- 452 Okunma
- 0 Yorum
- 1 Beğeni
Oyuncaklar da Ölür ( Ölü Kahramanların Hikâyesi)
Mutsuz insanların yüzünde matem çizgileri vardır. Bakışlarında sürekli büyüyen bir boşluk. Geçmişin acı izlerini sırtlanır, onlara kan kurusu bir inatla tutunur, her şeyi satır satır hatırlamaktan sanki haz duyarlar. Kötü yaşanmışlıklar, kötü sözler. Hatıra defterinin içine hep hayallerinde olmayan kötü anılar sinmiştir. Bu anılar onları ayakta tutar, üstü tozlanmaya yüz tuttuğu her vakit temizlenmesi gereken bir eşya gibi yeniden cilalarlar. Yaşamayı bilmeyen bu insanlar teknik olarak ölü de değildirler. İşte size tamda böyle kahramanları hikâye başlamadan ölmüş, ölü kahramanların hikâyesini anlatacağım.
***
On yedi sayısı kutsal bir sayı değildi ya da o yıllarda daha kutsanmamıştı. Ama O, on yedi kez yıkadığı turkuaz bez ile aynasını silmeye başladı. Bezi birkaç kere aynaya vurduktan sonra on yedi kez yıkayıp sıktı. Sonra tekrar tekrar aynayı sildi. Ayna, komindin, ya da gelinlik zamanlarından kalma aynasının bir kısmı rutubetten paslanmış sarı vitrin hiç fark etmezdi. Sanki bezi eşyanın değil, bir türlü yosun tutmasına izin vermediği kör talihinin yüzüne vuruyordu.

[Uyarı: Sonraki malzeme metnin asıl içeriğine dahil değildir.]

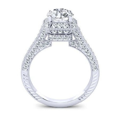 Capture a moment of forever with this stunning Vintage Halo engagement ring. Designed with intricate details and a classic silhouette, it's the perfect symbol of your enduring love.
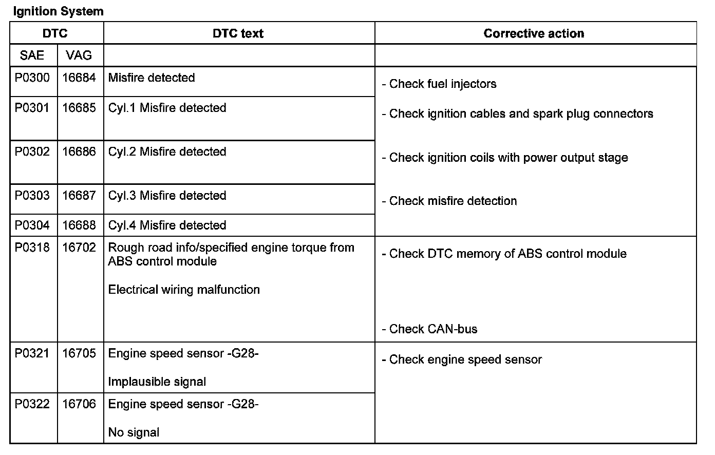 DTC P0300 - P0322:

Çamaşır makinesinden çıkardığı elbiseleri on yedi kez çırpar öyle asar, elbisenin aynı yerine on yedi kez ütüyü sürer sonra diğer tarafa geçer, bulaşıkları on yedi kez suda ovalar sonra bulaşık makinesine atardı.

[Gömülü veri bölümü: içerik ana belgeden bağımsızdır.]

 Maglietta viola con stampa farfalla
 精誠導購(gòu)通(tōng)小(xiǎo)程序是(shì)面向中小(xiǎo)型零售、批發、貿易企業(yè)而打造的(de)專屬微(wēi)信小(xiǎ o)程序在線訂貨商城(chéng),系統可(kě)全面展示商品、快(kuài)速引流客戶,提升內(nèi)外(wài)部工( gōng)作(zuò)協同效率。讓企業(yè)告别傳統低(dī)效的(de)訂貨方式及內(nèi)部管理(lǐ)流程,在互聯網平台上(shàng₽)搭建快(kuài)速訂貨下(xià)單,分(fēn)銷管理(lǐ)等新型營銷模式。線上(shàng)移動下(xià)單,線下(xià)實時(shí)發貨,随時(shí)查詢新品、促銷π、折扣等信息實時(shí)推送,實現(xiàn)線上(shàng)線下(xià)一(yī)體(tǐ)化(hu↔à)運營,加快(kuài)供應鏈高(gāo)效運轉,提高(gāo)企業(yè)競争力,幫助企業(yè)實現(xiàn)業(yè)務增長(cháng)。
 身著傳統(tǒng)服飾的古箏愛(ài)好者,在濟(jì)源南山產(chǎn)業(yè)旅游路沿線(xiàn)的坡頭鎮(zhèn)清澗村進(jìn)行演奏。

Her gün saatlerce evi temizler, her yeri bir iş yeri vitrini gibi dizer, ancak çocuklar eve geldiğinde ya da bir misafir geldiğinde bütün gizem bozulur, sonra hiçbir şey kaldığı yerden devam etmez her şey en baştan başlardı. Hiç bir randevusuna zamanında yetişemez, hep çalışıp didinir hiç dinlenmez ama hiç bir zaman işi de bitmezdi.

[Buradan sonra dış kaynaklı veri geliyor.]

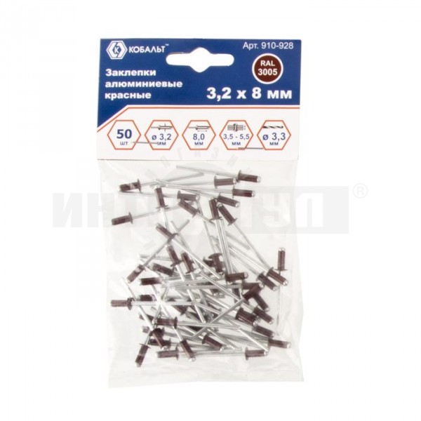 Заклепки КОБАЛЬТ алюминиевые, 3,2 х 8 мм, красные RAL 3005 (50 шт.) пакет

Temizlik hastalığı zamanla temiz bir hastalığa mı dönüşmüştü. Yoksa bir çeşit ruhsal bir hastalığa mı kimse bilmedi. Çünkü kimse kimsenin içindeki fırtınaların dindiği güvenli limanı değildi. Her günü bir önceki günün kopyasıymış gibi bir hayat tükenip gidiyor, ömür hanesinden düşen her gün yaşanmamış bir gün olarak kendini kurtarıyordu.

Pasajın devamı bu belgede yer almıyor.